Анну, вопреки ее утверждению, что ей всего двадцать, тридцатилетний жизненный опыт, видимо, научил не требовать больше того, на что можно рассчитывать. Что касается моего дела, то у меня тоже есть некоторый опыт.
Поэтому только дня через три я осторожно касаюсь нужной темы.
Эти дни были заполнены до предела. Кроме того, что интересует эротоманов, мы совершали прогулки в Лидо, валялись на пляжах, обедали в роскошных ресторанах,
танцевали под созвездиями парковой иллюминации, дважды ходили в кино и, что обошлось значительно дороже, несколько раз в магазины дамского белья и готовой одежды. Именно дамское белье нас приблизило к теме.

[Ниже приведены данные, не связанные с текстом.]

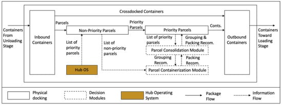 Upon arrival of the packages at the hub (after being unloaded from a truck or dropped by a customer) the package is added to the hub buffer. The buffer is a general term representing a temporary storage space at the unloading docks or loading docks, a dedicated temporary storage space inside the hub, or a temporary space provided for package containerization/de-containerization. Next, if parcels within an inbound container are all heading toward the same subsequent destination, the container is moved to a buffer (which might be at the loading/unloading stage) to wait for a proper outbound truck; On the other hand, if the parcels within the inbound container are heading toward different subsequent destinations, the container is moved to a buffer (this could include shipment from inbound docks buffer stage to the temporary storage), and is opened at a proper time (de-containerized). The individual parcels may dwell for some time at the hub buffer until enough load toward their subsequent destination is aggregated or their target departure time is reached (whichever happens first) to be consolidated and containerized. The new containers will be then waiting in a buffer (which could be the hub’s outbound docks) to be loaded onto a proper truck.

Мы сделали покупки, возвращаясь после обеда из ресторана, и, так как жара в это время достигла своего предела, укрылись на квартире у Анны.
Анна, совершенно раздетая, стоит среди множества раскрытых коробок и, примеряя одну вещицу за другой, вертится перед зеркалом, а я курю, вытянувшись на диване, и наблюдаю, как ветерок качает белую занавеску. Я стараюсь не смотреть в сторону зеркала.

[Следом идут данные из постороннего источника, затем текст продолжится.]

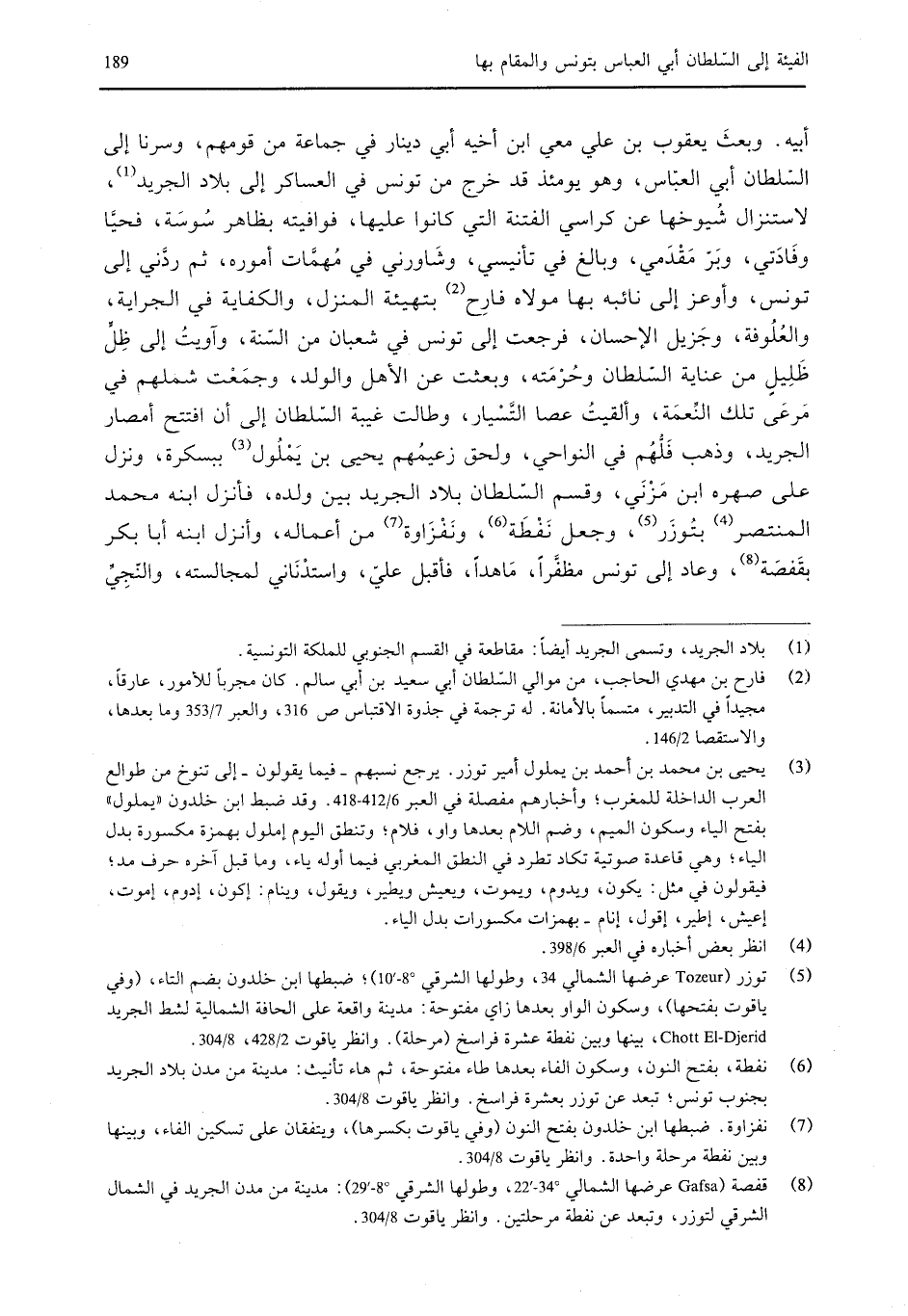 أبيه. وبعث يعقوب بن علي معي ابن أخيه أبي دينار في جماعة من قومهم، وسرنا إلى السلطان أبي العباس، وهو يومئذ قد خرج من تونس في العساكر إلى بلاد الجريد، لاستنزال شيوخها عن كراسي الفتنة التي كانوا عليها، فوافيته بظاهر سوسة، فحيا وفادتي، وبر مقدمي، وبالغ في تأنيسي، وشاورني في مهمات أموره، ثم ردني إلى تونس، وأوعز إلى نائبه بها مولاه فارح بتهيئة المنزل، والكفاية في الجراية، والعلوفة، وجزبل الإحسان، فرجعت إلى تونس في شعبان من السنة، وآويت إلى ظل ظليل من عناية السلطان وخرمته، وبعثت عن الأهل والولد، وجمعت شملهم في مرعى تلك النعمة، وألقيت عصا التسيار، وطالت غيبة السلطان إلى أن افتتح أمصار الجريد، وذهب فلهم في النواحي، ولحق زعيمهم يحيى بن يملول ببسكرة، ونزل على صهره ابن مزني،

– Ты даже не скажешь, что мне больше идет! – капризно замечает Анна, огорченная моим невниманием.
– Тебе все идет. Тебе идет решительно все. Мне только кажется, что твой приятель мало заботится о твоем гардеробе.
– Что и говорить! Так оно и есть.
– В таком случае не понимаю, как ты его терпишь. Наверно, настолько влюблена, что…

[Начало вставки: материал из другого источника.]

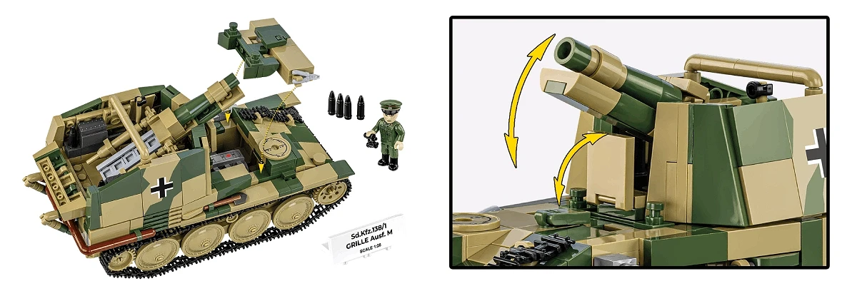 Das COBI Grille Ausf. M Modell ist eine detailgetreue Nachbildung einer deutschen Selbstfahrlafette im Maßstab 1:28, gefertigt aus hochwertigen Steinen, die präzise und langlebig zusammenpassen. Das Set bietet mehr als nur Spielspaß. Es ermöglicht die Entdeckung von Geschichte durch Bauen!
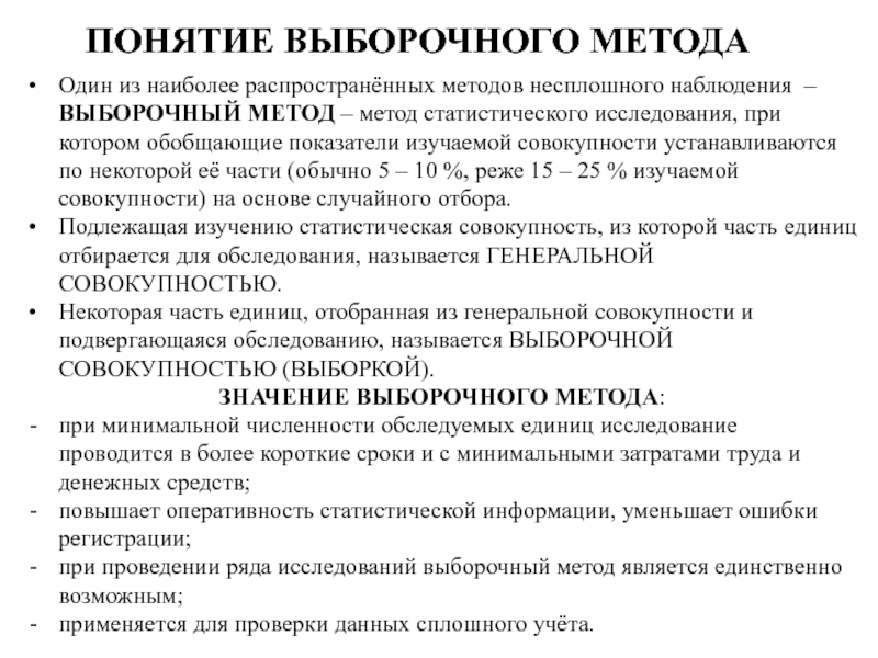 Слайд 49ПОНЯТИЕ ВЫБОРОЧНОГО МЕТОДА

Тут я умолкаю, как бы задохнувшись в приступе ревности.
– Влюблена?.. – Анна воркующе хохочет.
– Тогда и вовсе не понятно. Может, я глуп, но мне этого не понять.
– Ох, все вы, мужчины, одинаковы, – вздыхает Анна, расстегивая кружевной бюстгальтер, чтобы заменить его следующим. – Вечно вас гложет ревность. Когда два года назад я познакомилась с Моранди, у него было много денег. А теперь у него их мало. Неужели это так сложно?
– Он переменил профессию?..
– Ничего он не переменил. Но тогда он ездил за границу и ему платили больше. А теперь не ездит – и получает гроши.
Не скрывая досады, она умолкает, затем опять принимается за белье. Я снова разглядываю занавеску. На сегодня достаточно.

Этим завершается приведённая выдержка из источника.